● **Data in this exercise**:

________________

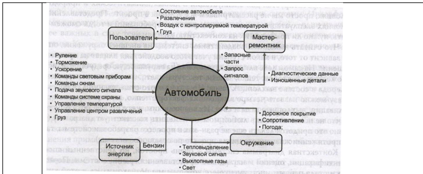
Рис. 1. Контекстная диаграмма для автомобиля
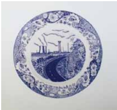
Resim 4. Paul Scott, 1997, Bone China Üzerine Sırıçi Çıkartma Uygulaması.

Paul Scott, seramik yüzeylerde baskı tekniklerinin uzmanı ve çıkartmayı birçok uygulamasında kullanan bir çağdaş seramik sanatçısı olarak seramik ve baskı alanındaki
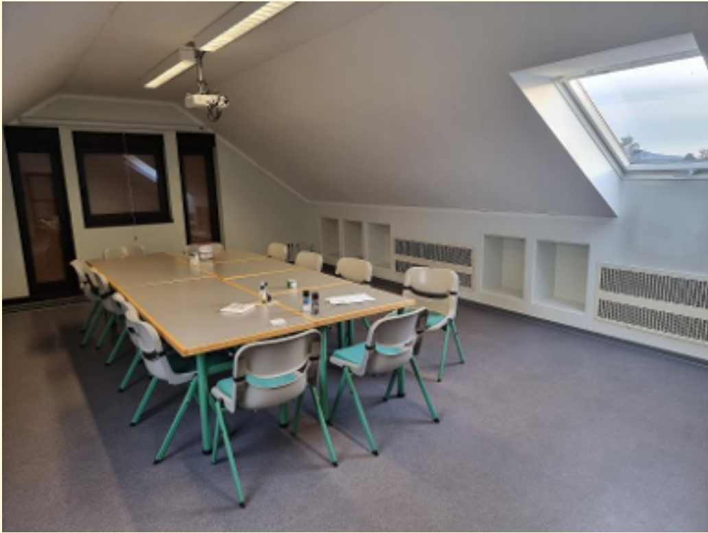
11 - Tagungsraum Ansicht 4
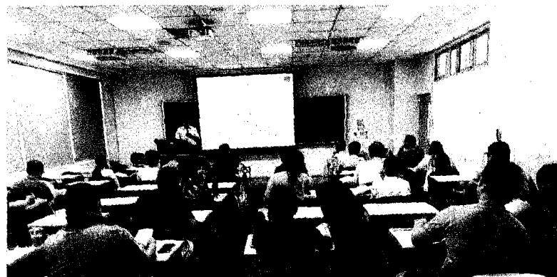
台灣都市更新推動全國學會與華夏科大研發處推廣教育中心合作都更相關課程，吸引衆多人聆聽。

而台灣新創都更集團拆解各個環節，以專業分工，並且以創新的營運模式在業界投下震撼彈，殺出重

________________

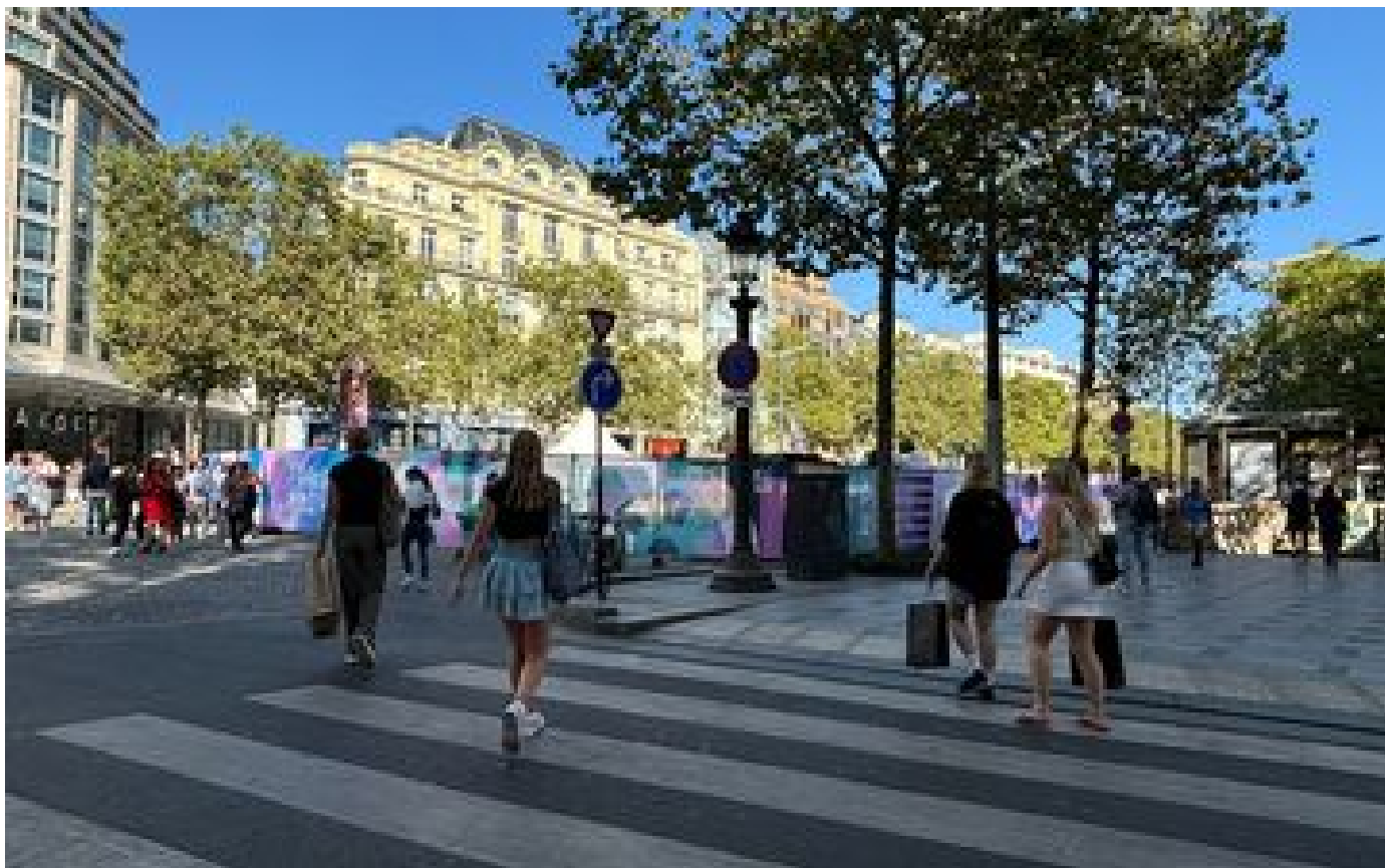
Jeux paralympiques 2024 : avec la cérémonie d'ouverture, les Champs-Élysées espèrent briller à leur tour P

________________

● **Task instructions**: For the entries above, print exactly the lines between the one with "11 - Tagungsraum Ansicht 4" and the one with "而台灣新創都更集團拆解各個環", inclusive, with no pictures.

● **Solution for this problem**:
11 - Tagungsraum Ansicht 4
台灣都市更新推動全國學會與華夏科大研發處推廣教育中心合作都更相關課程，吸引衆多人聆聽。

而台灣新創都更集團拆解各個環節，以專業分工，並且以創新的營運模式在業界投下震撼彈，殺出重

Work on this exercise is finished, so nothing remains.